Demyan smiles and nods. “The one and only. Son of a bitch looks like he just stepped out of a fuckin’ Brooks Brothers ad.”

“Remind me—some kind of media enterprise, right?”

“Television mogul,” Demyan corrects. “Owns the news network you see in every goddamn waiting room in the whole goddamn country.”

“What do we know about him?” I ask. “Apart from the obvious.”

Demyan rattles off the facts on his fingers. “He’s been married once before. Divorced now, for a couple of years, I believe. Apparently, the ex-wife still speaks highly of him.”

“How big was her settlement?”

“Big enough to buy France.”

“That explains that, then,” I say dismissively. “Kids?”

“Two,” Demyan says. “A pair of pretty boys in their twenties who are both modeling for European luxury brands. Social media follower counts like you wouldn’t believe.”

I roll my eyes. “Jesus. Stop before I puke.”

“You wanna read the article?”

“Blyat’。 I suppose I should.”

I skim through the article until I stumble across my mother’s name. “Julia Makarova” is what they wrote, not “Yulia.” Leave it to Americans to make everything about their way of doing things. Somehow, that makes me feel slightly better about the whole debacle.

A quick passthrough of the first paragraph makes me turn up my nose. The piece reeks of cheap gossip and shallow humor.

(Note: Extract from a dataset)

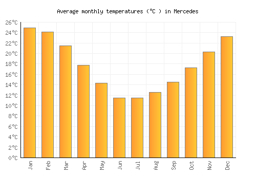 The bar chart below shows the average monthly peak daytime temperatures at Mercedes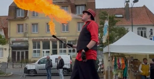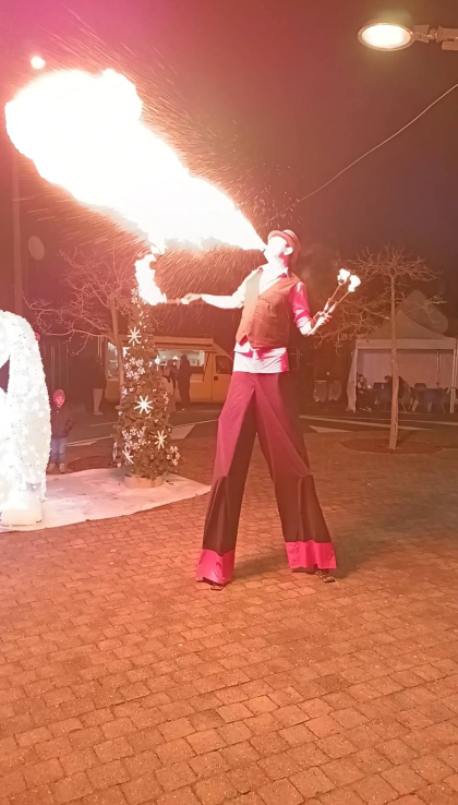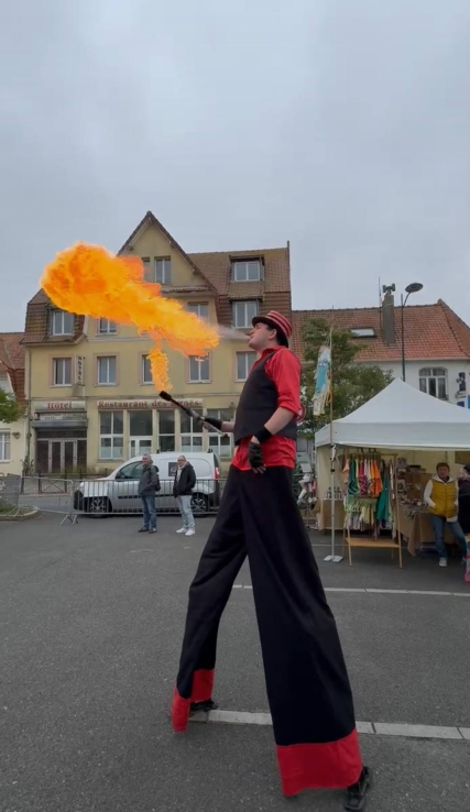 Loin d’être un simple échassier, cet artiste maîtrise le feu sous toutes ses formes avec une virtuosité impressionnante. Entre deux flammes jaillissantes, il fait tournoyer ses torches enflammées avec précision, dessinant dans l’air de véritables cercles de lumière qui hypnotisent et fascinent petits et grands. Chaque mouvement est calculé, chaque geste devient un tableau spectaculaire où l’art de la jonglerie se mêle à la magie du feu.

The Svenson-Met Gala is the crown jewel of the city’s social calendar. In attendance was a who’s who of comedy legends, full-blown rock stars, and Oscar-nominated actors. (Apparently, the actual Oscar winners had a fancier charity to attend. Cancer is so last season.) But there was no disappointment, because anyone who purchased the ten-thousand-dollar ticket to last night’s event was able to rub shoulders with the media mogul of media moguls: none other than the dashingly debonair Donald Hargrove.

This particular reporter came within a hair’s breadth of the man, and let me tell you, he smells as good as he looks.

Which is probably why it shocked quite a few to see him spend most of his evening with philanthropist and activist, Julia Makarova. As a woman of a certain age, one would think she would fly under Mr. Hargrove’s notoriously particular radar. But apparently, the man values personality as much as youth.

When pressed for information about his personal life, the silver fox played coy while Ms. Makarova just laughed me off. According to both, they’re just friends. Easier to believe than you might think. Especially with the legion of models and young actresses following the man around most of the night.